= TASK DETAILS =
All lines below between the line with "⑦完成支付后同学们就可以前往" and the line with "江苏苏州肯帝亚队球员斯隆(左)在比赛中上篮。新华社记者杨磊摄", including both, must be copied exactly, and the pictures must be omitted.

= Source records =
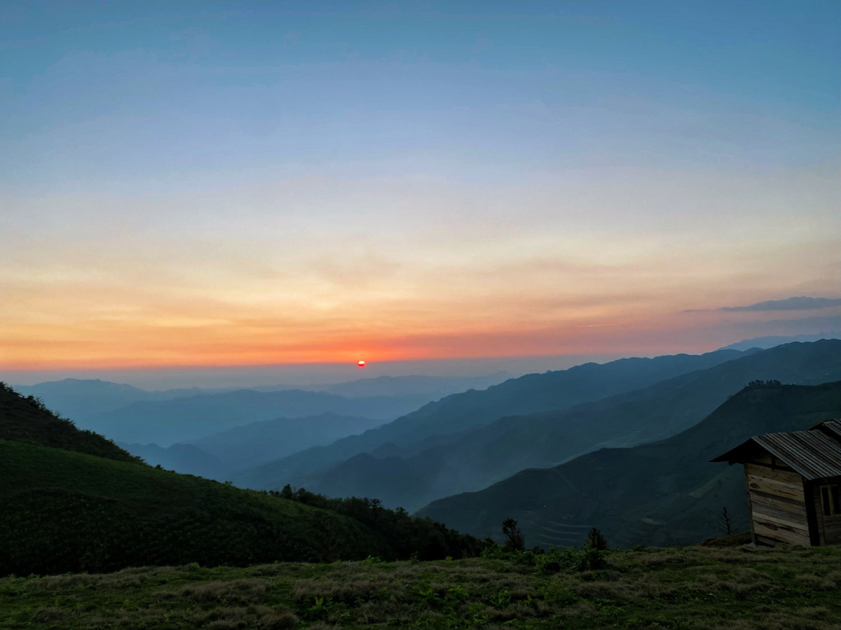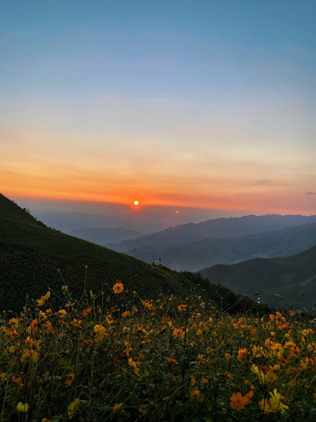 ngắm mặt trời lặn dần sau những dãy núi trùng điệp. Ảnh Diệp Hữu Đạt
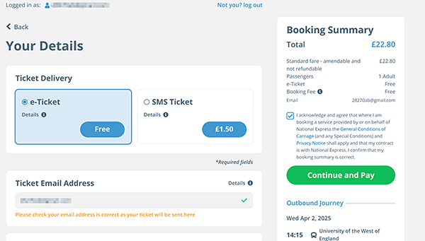 ⑦完成支付后同学们就可以前往邮箱查看具体的票据信息啦,后续乘车携带护照等个人证件前往线下站点乘车即可。如果不清楚具体站点的位置可以前往national express官网查询站点位置。https://routemap.nationalexpress.com
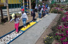 Упражнения с массажными ковриками и дорожками создают положительный настрой, повышают настроение, дают заряд бодрости и энергии. В летнее время малыши нашего садика укрепляют свое здоровье проходя по массажной дорожке из природных материалов и бросового сырья.
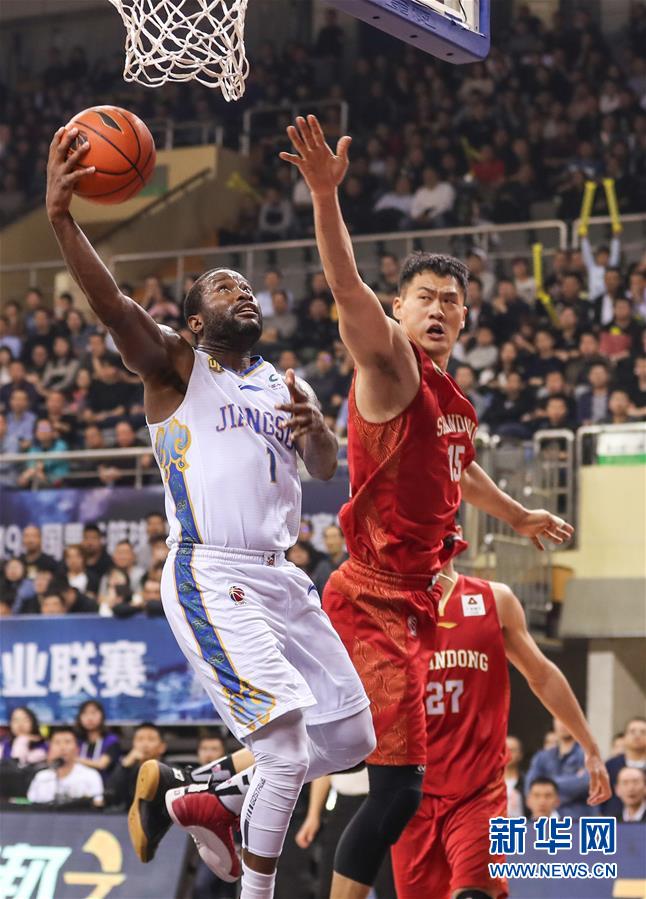 江苏苏州肯帝亚队球员斯隆(左)在比赛中上篮。新华社记者杨磊摄
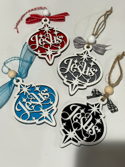 This beautiful wooden ornament is available in several options. It is double layered and each piece is cut of 1/8" material. It makes the perfect addition to any Christmas tree!
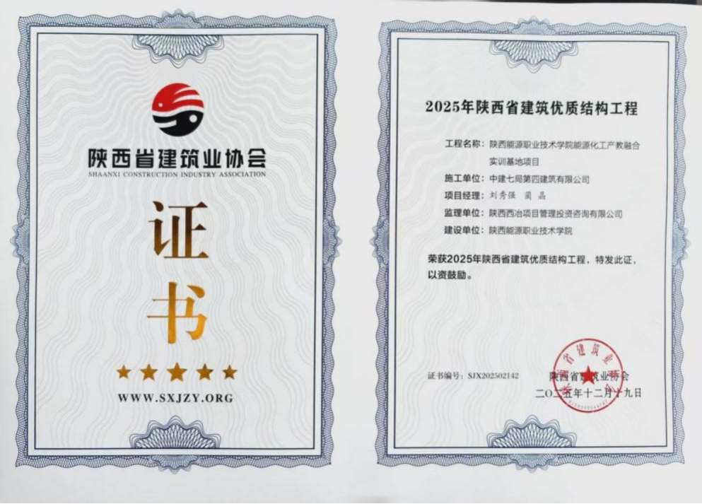 能源化工产教融合实训基地项目2024年3月开工建设,2025年10月结构主体封顶,在各参建单位的共同努力下,12月19日顺利通过陕西省建筑业协会评审,喜获“2025年陕西省优质结构工程”。
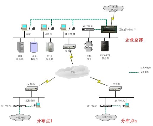 - 系统仍可同时在总部设立VoIP中心,用以实现数据和管理的集中,并且采用VoIP的方式,对各分布点的话务工作进行集中的监控。
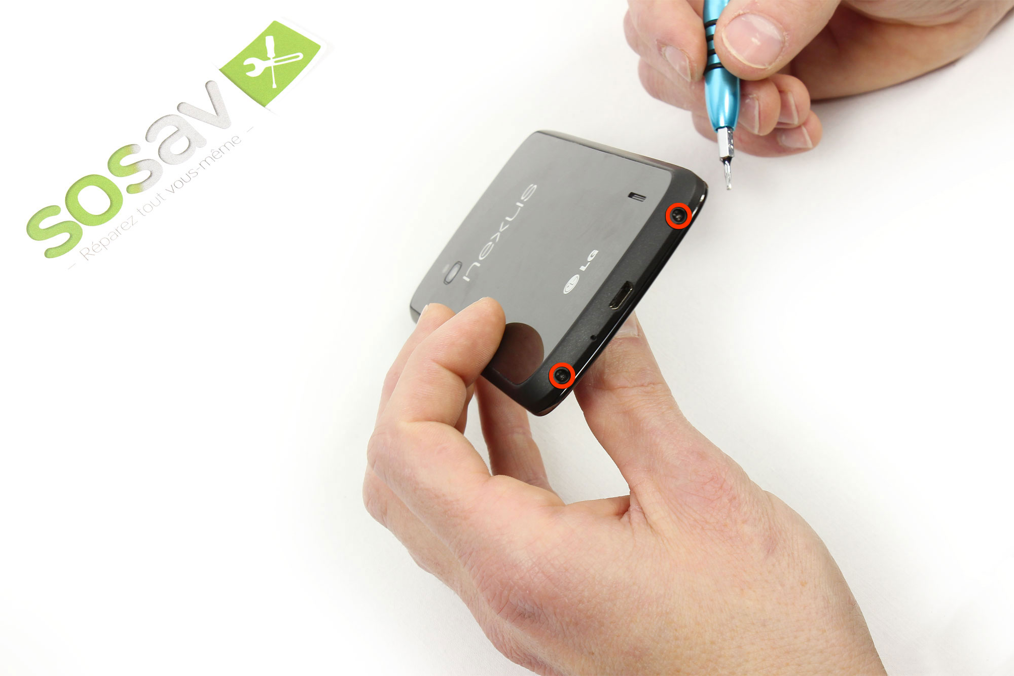 Avec le tournevis Torx (T5) fourni dans nos kit outils, dévissez les 2 vis 4 mm retenant la coque arrière au châssis interne de votre Nexus 4.
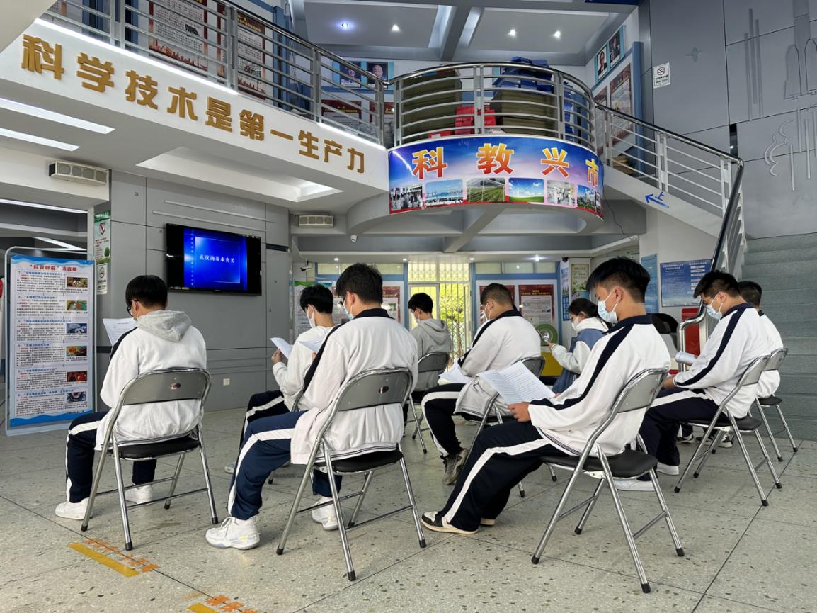学生代表们结合学习资料观看视频
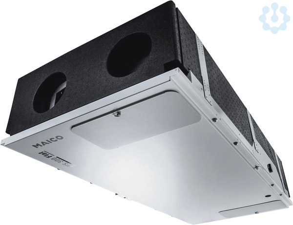 Komfort-Bypass-Ausführung links: Zentralgerät mit zwei Enthalpiewärmetauschern, integriertem Bypass und Vorheizregister. Somit wird die Raumluft bei hohen Außentemperaturen optimal gekühlt, ohne dass Zugerscheinungen auftreten und bei tiefen Außentemperaturen komfortabel vorgewärmt. Zu- und Abluft links (in Einbaulage Decke, Blick auf das Elektronikfach). Kurzbeschreibung: Intelligentes Lüftungsgerät mit Wärme- und Feuchterückgewinnung zur kontrollierten Be- und Entlüftung mit einem Fördervolumen von 80 bis 300 m3/h. Vollkommene Trennung der Abluft- / Zuluftführung im gesamten Gerät. Dadurch wird unerwünschter Umluftbetrieb verhindert. Viren (z.B. Corona-Virus) und Bakterien werden somit nicht übertragen. Hygienezertifikat nach VDI 6022, Blatt 1 vorhanden. Kompakt und hocheffizient - Energieeffizienzklasse A. Schall- und energieoptimierte Ventilatoren in EC-Technologie. KfW-Förderfähigkeit und NRW-Förderung sind gegeben. Hoher Volumenstrom bei äußerst geringer Aufbauhöhe von 30 cm und leisem Betrieb. Montagemöglichkeiten: Flexibel an der Decke, Wand oder in der Dachschräge. Keine Druckschwankungsempfindlichkeit: Die integrierte /automatische Volumenstromkonstanz-Regelung sorgt für eine dauerhafte Einhaltung des eingestellten Volumenstromes unter sämtlichen Betriebsbedingungen (z.B. Filterverschmutzung, Luftventil-Einstellungen). Somit ergibt sich auch eine einfachere Inbetriebnahme / Luftmengen-Einmessung an den Ventilen. Es ist keine Einregulierung der Volumenströme notwendig. Verschiedene Betriebsarten: Aus, Manuell, Auto Sensor, ECO-Abluft, ECO-Zuluft. Raumluftsteuerung RLS 1 WR im Lieferumfang. ISO Coarse 80 % (G4) Filter in der Abluft und ISO ePM1 60 % (F7) Pollenfilter in der Außenluft. Das Lüftungsgerät ist mit zwei hochmodernen Enthalpie-Wärmetauschern mit Hygienezertifikat nach VDI 6022, Blatt 1 ausgestattet. Das WS 300 Flat ist via APP (air@home) und dem browserbasierten Webtool (www.air-home.de) mittels integrierter LAN-Schnittstelle ansteuerbar. Plug & Play: Einfache Inbetriebnahme durch kostenlose Inbetriebnahmesoftware und serienmäßigen USB-Anschluss für Inbetriebnahme, Steuerungs-Update sowie Service. Serienmäßig integrierter Kombisensor (Feuchte/Temperatur) in der Abluft ermöglicht einen bedarfsgeführten Lüftungsbetrieb sowie eine intelligente Entfeuchtungsstrategie (Überfeuchtungsschutz). Weiterhin zeichnet sich das Gerät durch eine an den wirklichen Bedarf angepasste Frostschutzstrategie aus. Das Wärmerückgewinnungsgerät verfügt über einen Multifunktionskontakt für die Ansteuerung von z.B. Sole-Erdwärmetauscher (ungeregelte Pumpe), Betriebs- und Störungsanzeige, Vorheiz- oder Nachheizregister, Außenklappen oder Kühlung. 2 Eingangskontakte (12 V und 230 V) sind vorhanden für z.B. sicherheitstechnische Abschaltungen. Diverse Ein-/ Ausgänge ermöglichen eine regelungstechnische Verbindung zu anderen haustechnischen Geräten z.B. Wärmepumpe. Integrierte MODBUS-Schnittstelle (TCP/IP und RTU) für Integration in die Gebäudeleittechnik. Das optionale Steckmodul K-SM ermöglicht die Integration in KNX-Gebäudesysteme. Das optionale Steckmodul E-SM ermöglicht die Integration in EnOcean-Systeme. Optionale Zusatzplatinen ZP 1 und ZP 2 für Erweiterungsfunktionen wie z.B. Druckkonstanz-Regelung der EC-Ventilatoren, Zonenklappe, Sole-Erdwärmetauscher (geregelte Pumpe), Filterdifferenzdruckmessung. Maximale Geräte-Flexibilität durch verschiedenste Ausstattungs-/ Anschlussmöglichkeiten. Moderne Geräte-Modultechnik ermöglicht eine hohe Benutzerfreundlichkeit für Service und Wartung. Gehäuse: Pulverbeschichtetes Stahlblechgehäuse, Farbe: Verkehrsweiß, ähnlich RAL 9016. Filterwechsel einfach ohne Werkzeug möglich. Dichtes, wärmebrückenfreies, und schallgedämmtes Innengehäuse aus temperaturbeständigem, schall- und wärmedämmendem EPP-Material. EPP-Gehäuse mit sehr guten hygienischen/nicht hygroskopische Eigenschaften. Geräteoberfläche und Geräte-Innengehäuse sind einfach zu reinigen. Filter: ISO Coarse 80 % (G4) Filter in der Abluft und ISO ePM1 60 % (F7) Pollenfilter in der Außenluft. Werkzeugloser Filterwechsel. Bedienung: Betriebsfertig mit Ein-/ Ausschalter. Bedienteil RLS 1 WR im Lieferumfang, 4 Luftstufen, Filterwechselanzeige, Störungsanzeige. Weitere Bedienteile können parallel angeschlossen werden. Mobile Bedienung mittels APP (air@home) oder browserbasiertem Webtool (www.air-home.de) über Smartphone, Laptop oder PC ermöglicht z.B. Liveberichterstellung, Nutzerverwaltung, Bedarfsgeführter Automatikbetrieb / Zeitgesteuerter Automatikbetrieb, Manueller Betrieb / AUS, ECO-Betrieb Zuluft oder ECO-Betrieb Abluft, Filterabfragen, Fehlermeldungen. Optionales Touchscreen-Bedienteil RLS T2 WS für die Einstellung von: 2 Automatikbetriebsarten (Auto Sensor / Auto Zeit), 4 manuellen Betriebsarten (ECO-Abluft / ECO-Zuluft / MANUELL / AUS), komplette Inbetriebnahme des WS 300 Flat möglich. Optionales Design-Bedienteil RLS G1 WS: EIN/AUS, 5 Stufen, Automatikbetrieb, ECO-Zuluft, ECO-Abluft, Filterwechsel- und Störungsanzeige, USB-Anschluss für Service/Inbetriebnahme - kostenlose MAICO-Inbetriebnahmesoftware. Netzwerkeinbindung über integrierte LAN-Schnittstelle. Smart-Home ready (z.B. Loxone über Modbus TCP/IP). Modbus TCP/IP und RTU serienmäßig integriert. Optionales KNX-Steckmodul K-SM für Einbindung in die Gebäudeleittechnik www.knx.org. Optionales EnOcean-Steckmodul E-SM für die Geräteintegration in die EnOcean-Welt www.enocean-allinace.org. Steuerung: Serienmäßige bedarfsgeführte Volumenstromregelung (maßgebender Feuchtewert). Stufenlose bedarfsgeführte Anpassung der Luftmengen. Integrierte Überfeuchtungsschutz-Funktion. 3 Temperatursensoren in der Außen-, Fort- und Zuluft. 1 Kombisensor (Temperatur und Feuchte) im Abluftstutzen. Bis zu 4 externe Sensoren verschiedener Typen (CO2, VOC, Feuchte) anschließbar. Multifunktionskontakt zur Ansteuerung von z.B. Sole-Erdwärmetauscher (ungerege

= RESPONSE TO THE EXERCISE =
 ⑦完成支付后同学们就可以前往邮箱查看具体的票据信息啦,后续乘车携带护照等个人证件前往线下站点乘车即可。如果不清楚具体站点的位置可以前往national express官网查询站点位置。https://routemap.nationalexpress.com
 Упражнения с массажными ковриками и дорожками создают положительный настрой, повышают настроение, дают заряд бодрости и энергии. В летнее время малыши нашего садика укрепляют свое здоровье проходя по массажной дорожке из природных материалов и бросового сырья.
 江苏苏州肯帝亚队球员斯隆(左)在比赛中上篮。新华社记者杨磊摄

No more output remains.